Stored items

++++++++++++++++++++

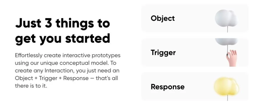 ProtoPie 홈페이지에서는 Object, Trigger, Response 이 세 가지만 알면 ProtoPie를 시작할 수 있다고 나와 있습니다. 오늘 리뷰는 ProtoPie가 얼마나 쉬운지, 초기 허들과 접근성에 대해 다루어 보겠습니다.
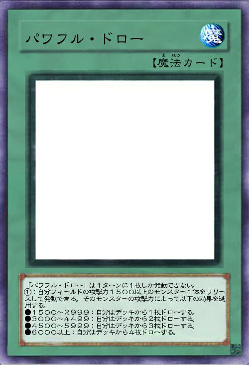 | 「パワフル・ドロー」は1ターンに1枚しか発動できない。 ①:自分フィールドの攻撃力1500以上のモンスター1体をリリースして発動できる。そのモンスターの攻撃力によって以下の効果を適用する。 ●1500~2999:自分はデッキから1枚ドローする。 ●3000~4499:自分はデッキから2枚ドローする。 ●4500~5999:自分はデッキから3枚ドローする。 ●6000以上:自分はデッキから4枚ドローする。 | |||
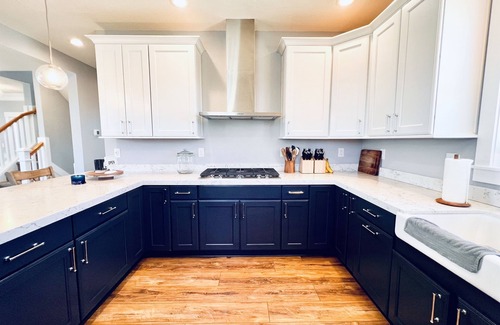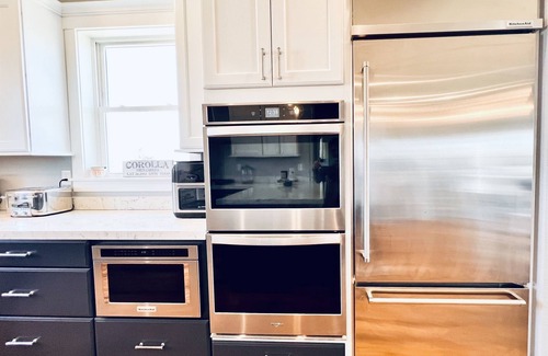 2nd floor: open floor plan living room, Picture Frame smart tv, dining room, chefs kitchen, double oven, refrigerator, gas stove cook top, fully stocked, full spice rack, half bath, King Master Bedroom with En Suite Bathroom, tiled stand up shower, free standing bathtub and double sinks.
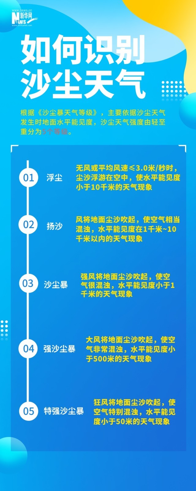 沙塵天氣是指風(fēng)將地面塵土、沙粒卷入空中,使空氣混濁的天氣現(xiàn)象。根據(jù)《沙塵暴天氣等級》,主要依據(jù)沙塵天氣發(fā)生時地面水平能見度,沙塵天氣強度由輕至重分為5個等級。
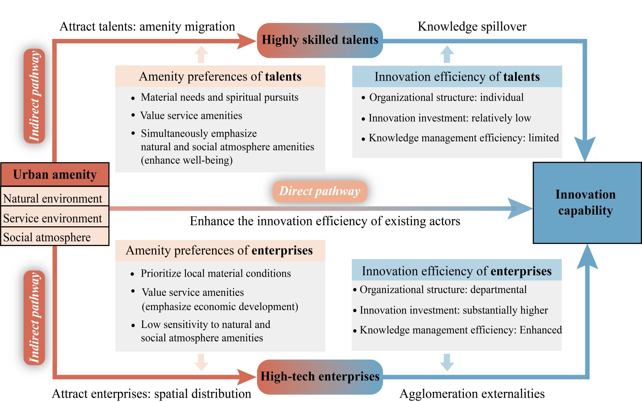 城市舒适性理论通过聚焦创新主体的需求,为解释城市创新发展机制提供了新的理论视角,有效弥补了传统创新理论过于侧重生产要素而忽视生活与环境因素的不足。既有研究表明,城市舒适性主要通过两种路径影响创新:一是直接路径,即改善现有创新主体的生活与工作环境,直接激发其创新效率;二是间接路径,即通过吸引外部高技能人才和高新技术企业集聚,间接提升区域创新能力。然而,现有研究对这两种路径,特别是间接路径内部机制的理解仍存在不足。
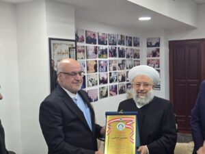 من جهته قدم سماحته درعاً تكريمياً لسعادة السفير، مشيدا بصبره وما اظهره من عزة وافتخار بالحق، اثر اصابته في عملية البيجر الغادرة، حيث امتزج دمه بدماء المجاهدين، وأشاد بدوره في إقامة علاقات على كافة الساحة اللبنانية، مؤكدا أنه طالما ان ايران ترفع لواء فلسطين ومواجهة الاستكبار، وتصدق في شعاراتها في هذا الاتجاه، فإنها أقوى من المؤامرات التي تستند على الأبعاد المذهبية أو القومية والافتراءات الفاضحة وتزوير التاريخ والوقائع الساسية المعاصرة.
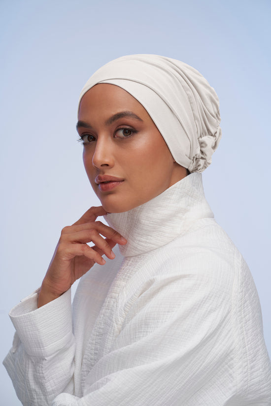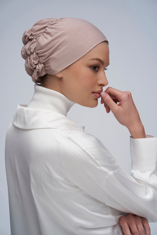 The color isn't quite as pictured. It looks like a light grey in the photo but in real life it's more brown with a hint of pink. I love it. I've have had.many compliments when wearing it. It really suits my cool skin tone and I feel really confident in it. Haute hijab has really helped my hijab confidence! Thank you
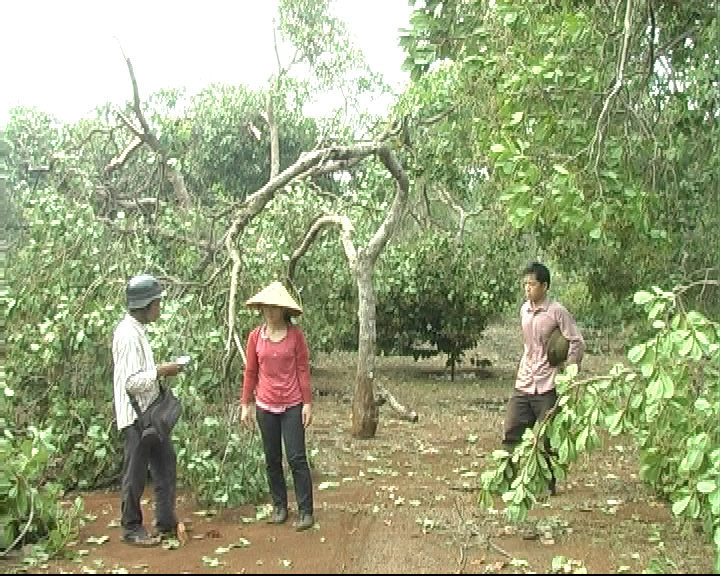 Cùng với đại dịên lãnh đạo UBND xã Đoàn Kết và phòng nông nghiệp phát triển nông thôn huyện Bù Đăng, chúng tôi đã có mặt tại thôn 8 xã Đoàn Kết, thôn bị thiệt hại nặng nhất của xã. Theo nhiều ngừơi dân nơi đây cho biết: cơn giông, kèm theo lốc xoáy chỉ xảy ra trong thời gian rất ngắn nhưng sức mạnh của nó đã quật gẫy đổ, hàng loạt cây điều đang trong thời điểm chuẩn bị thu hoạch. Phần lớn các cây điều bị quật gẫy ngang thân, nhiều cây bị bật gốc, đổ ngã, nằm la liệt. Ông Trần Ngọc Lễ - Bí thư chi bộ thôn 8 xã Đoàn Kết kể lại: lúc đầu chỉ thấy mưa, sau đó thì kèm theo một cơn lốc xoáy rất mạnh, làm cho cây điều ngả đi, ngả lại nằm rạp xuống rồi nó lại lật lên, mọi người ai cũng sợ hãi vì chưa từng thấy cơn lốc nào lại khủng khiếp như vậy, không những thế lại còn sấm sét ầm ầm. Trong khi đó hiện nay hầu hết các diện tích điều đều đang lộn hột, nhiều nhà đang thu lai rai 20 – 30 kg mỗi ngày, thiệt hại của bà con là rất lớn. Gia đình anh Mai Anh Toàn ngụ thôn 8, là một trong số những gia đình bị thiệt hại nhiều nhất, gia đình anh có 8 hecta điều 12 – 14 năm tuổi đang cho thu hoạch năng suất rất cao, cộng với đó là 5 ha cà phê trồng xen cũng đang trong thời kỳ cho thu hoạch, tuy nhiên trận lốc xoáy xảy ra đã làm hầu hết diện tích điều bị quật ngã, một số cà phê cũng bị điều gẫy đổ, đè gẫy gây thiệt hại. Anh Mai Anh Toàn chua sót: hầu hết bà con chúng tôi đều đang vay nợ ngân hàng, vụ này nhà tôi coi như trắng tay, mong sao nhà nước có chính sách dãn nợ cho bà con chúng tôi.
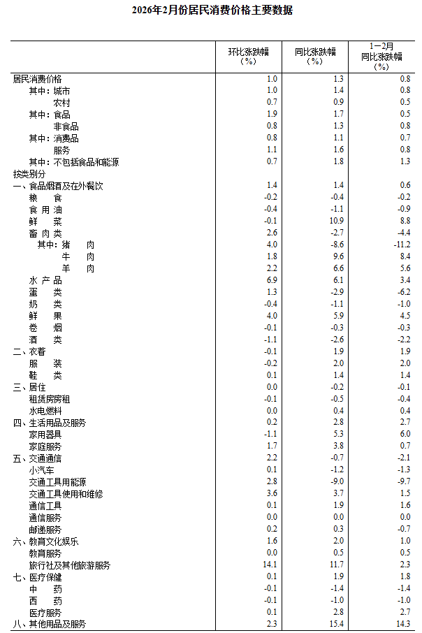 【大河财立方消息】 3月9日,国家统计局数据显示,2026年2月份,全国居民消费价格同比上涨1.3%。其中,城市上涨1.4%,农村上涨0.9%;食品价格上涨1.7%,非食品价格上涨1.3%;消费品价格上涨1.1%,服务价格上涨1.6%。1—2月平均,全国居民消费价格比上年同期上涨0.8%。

++++++++++++++++++++

- [Problem statement] Copy out the lines above from the line containing "城市舒适性理论通过聚焦创新主" through the line containing "The color isn't", exactly, and keep the pictures out.

- [Exercise solution]
 城市舒适性理论通过聚焦创新主体的需求,为解释城市创新发展机制提供了新的理论视角,有效弥补了传统创新理论过于侧重生产要素而忽视生活与环境因素的不足。既有研究表明,城市舒适性主要通过两种路径影响创新:一是直接路径,即改善现有创新主体的生活与工作环境,直接激发其创新效率;二是间接路径,即通过吸引外部高技能人才和高新技术企业集聚,间接提升区域创新能力。然而,现有研究对这两种路径,特别是间接路径内部机制的理解仍存在不足。
 من جهته قدم سماحته درعاً تكريمياً لسعادة السفير، مشيدا بصبره وما اظهره من عزة وافتخار بالحق، اثر اصابته في عملية البيجر الغادرة، حيث امتزج دمه بدماء المجاهدين، وأشاد بدوره في إقامة علاقات على كافة الساحة اللبنانية، مؤكدا أنه طالما ان ايران ترفع لواء فلسطين ومواجهة الاستكبار، وتصدق في شعاراتها في هذا الاتجاه، فإنها أقوى من المؤامرات التي تستند على الأبعاد المذهبية أو القومية والافتراءات الفاضحة وتزوير التاريخ والوقائع الساسية المعاصرة.
 The color isn't quite as pictured. It looks like a light grey in the photo but in real life it's more brown with a hint of pink. I love it. I've have had.many compliments when wearing it. It really suits my cool skin tone and I feel really confident in it. Haute hijab has really helped my hijab confidence! Thank you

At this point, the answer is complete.